Additional resources
- docs/references.md - relevant papers and background material.
notebooks/- exploratory notebooks demonstrating cosine lookups, sunglint correction and a full MBSP demo.
Data Model (CSV)
- granules.csv (key: system_index)
- Columns: system_index, sga_scene, cloudiness, timestamp, git_hash.
- process_runs.csv (many-to-many: window_id ↔ system_index)
- Columns: window_id, system_index, git_hash, last_timestamp (UTC ISO), sga_local_median, sgi_median, valid_pixel_c, valid_pixel_mbsp, hitl_value.
- windows.csv (input)
- Columns: id (window_id), structure_id, start, end, flare_lat, flare_lon, optional metadata (e.g., citation, EEZ).
- structures.csv (input)
- Columns: structure_id, lon, lat, optional name, country.
Notes
- Local medians (sga_local_median, sgi_median) are per-run metrics and are stored in process_runs.csv, not granules.csv.

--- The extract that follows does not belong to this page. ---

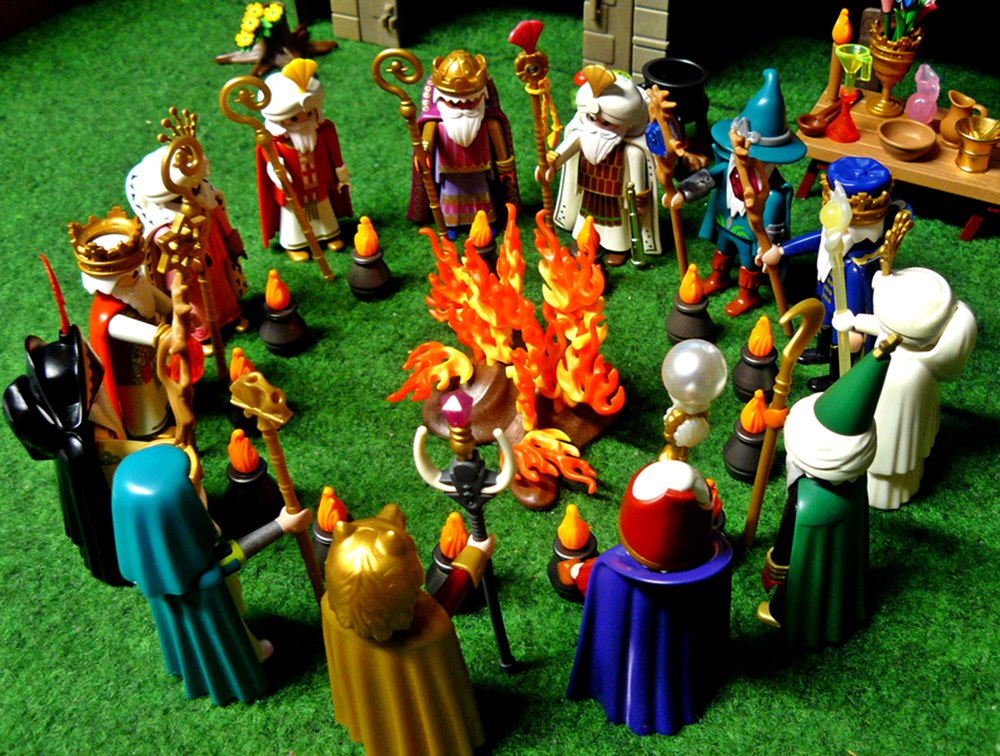 erinnert mich irgendwie an die heiligen drei Könige hat aber auch was vom Treffen der Druiden in Asterix ...

- For legacy projects that used events.csv and event_granule.csv, use the migration:
python -m offshore_methane.csv_migrate.
CSV conventions
- Missing values are written as blank cells (not the literal strings "nan" or "None").
- Text fields (e.g.,
system_index,git_hash,timestamp,structure_id) use blanks for missing. - Numeric fields (e.g., medians, valid_pixel_*) use blanks for missing.
process_runs.system_indexis blank to mark a window with “no granules found”.
Contributing
See CONTRIBUTING.md for guidelines. All contributions must pass linting with ruff and the test suite before submission.
License
This project is released under the MIT License.